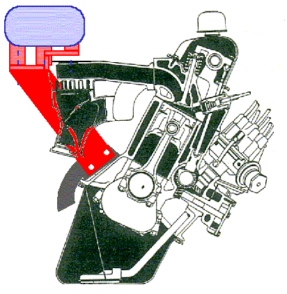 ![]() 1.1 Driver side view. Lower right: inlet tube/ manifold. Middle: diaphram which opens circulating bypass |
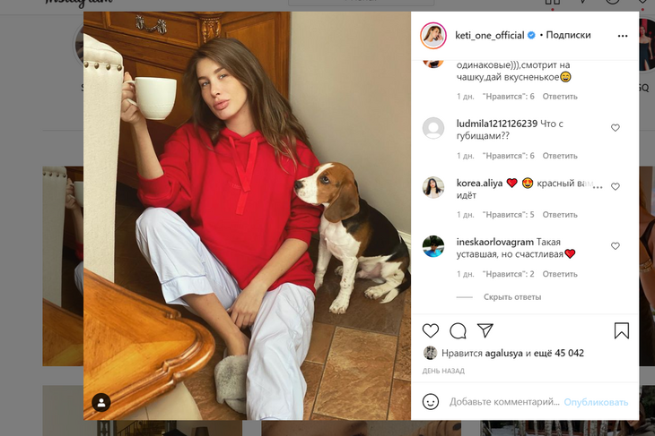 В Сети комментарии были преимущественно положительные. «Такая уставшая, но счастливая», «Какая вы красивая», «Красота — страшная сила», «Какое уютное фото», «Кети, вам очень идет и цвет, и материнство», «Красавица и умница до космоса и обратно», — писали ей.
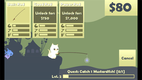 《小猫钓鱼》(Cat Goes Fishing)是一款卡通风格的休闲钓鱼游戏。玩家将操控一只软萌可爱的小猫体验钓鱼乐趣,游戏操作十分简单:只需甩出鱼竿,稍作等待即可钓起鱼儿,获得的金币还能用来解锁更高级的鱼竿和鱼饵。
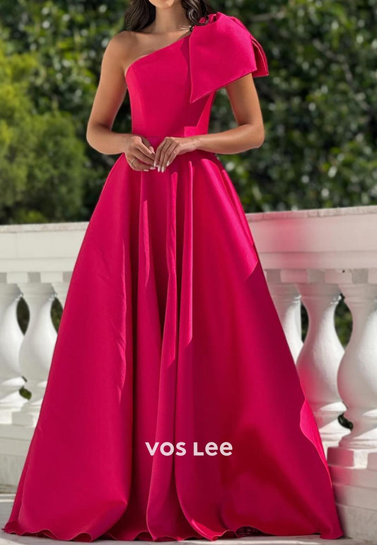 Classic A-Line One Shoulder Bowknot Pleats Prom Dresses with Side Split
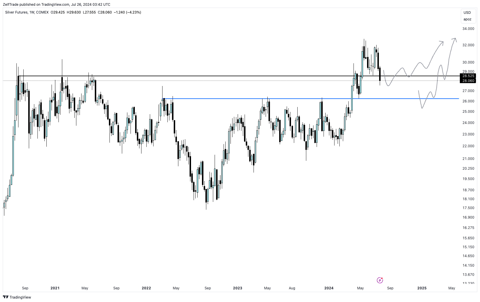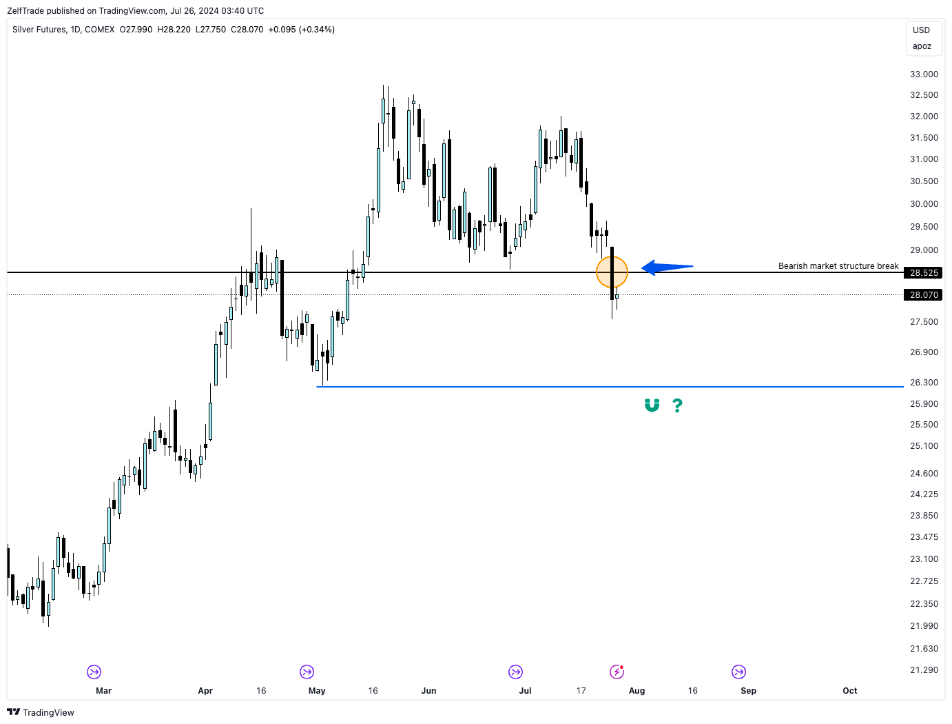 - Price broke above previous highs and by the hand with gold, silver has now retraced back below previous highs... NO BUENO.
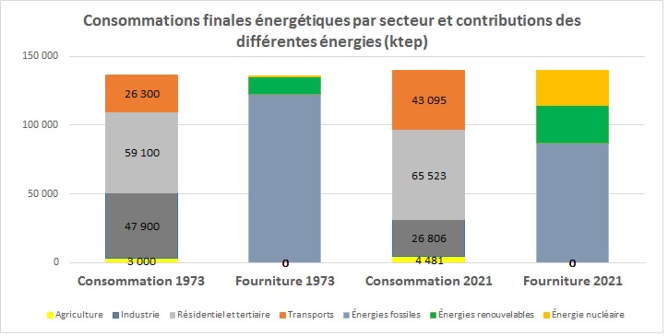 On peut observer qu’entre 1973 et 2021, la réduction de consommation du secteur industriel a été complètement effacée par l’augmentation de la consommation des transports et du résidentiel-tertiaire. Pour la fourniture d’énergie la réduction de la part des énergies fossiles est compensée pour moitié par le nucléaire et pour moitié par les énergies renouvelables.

....................

▶ Goal of the exercise
In your copy of the records above, include no pictures and match every line exactly.

▶ Result for this exercise
 ![]() 1.1 Driver side view. Lower right: inlet tube/ manifold. Middle: diaphram which opens circulating bypass |
 В Сети комментарии были преимущественно положительные. «Такая уставшая, но счастливая», «Какая вы красивая», «Красота — страшная сила», «Какое уютное фото», «Кети, вам очень идет и цвет, и материнство», «Красавица и умница до космоса и обратно», — писали ей.
 《小猫钓鱼》(Cat Goes Fishing)是一款卡通风格的休闲钓鱼游戏。玩家将操控一只软萌可爱的小猫体验钓鱼乐趣,游戏操作十分简单:只需甩出鱼竿,稍作等待即可钓起鱼儿,获得的金币还能用来解锁更高级的鱼竿和鱼饵。
 Classic A-Line One Shoulder Bowknot Pleats Prom Dresses with Side Split
 - Price broke above previous highs and by the hand with gold, silver has now retraced back below previous highs... NO BUENO.
 On peut observer qu’entre 1973 et 2021, la réduction de consommation du secteur industriel a été complètement effacée par l’augmentation de la consommation des transports et du résidentiel-tertiaire. Pour la fourniture d’énergie la réduction de la part des énergies fossiles est compensée pour moitié par le nucléaire et pour moitié par les énergies renouvelables.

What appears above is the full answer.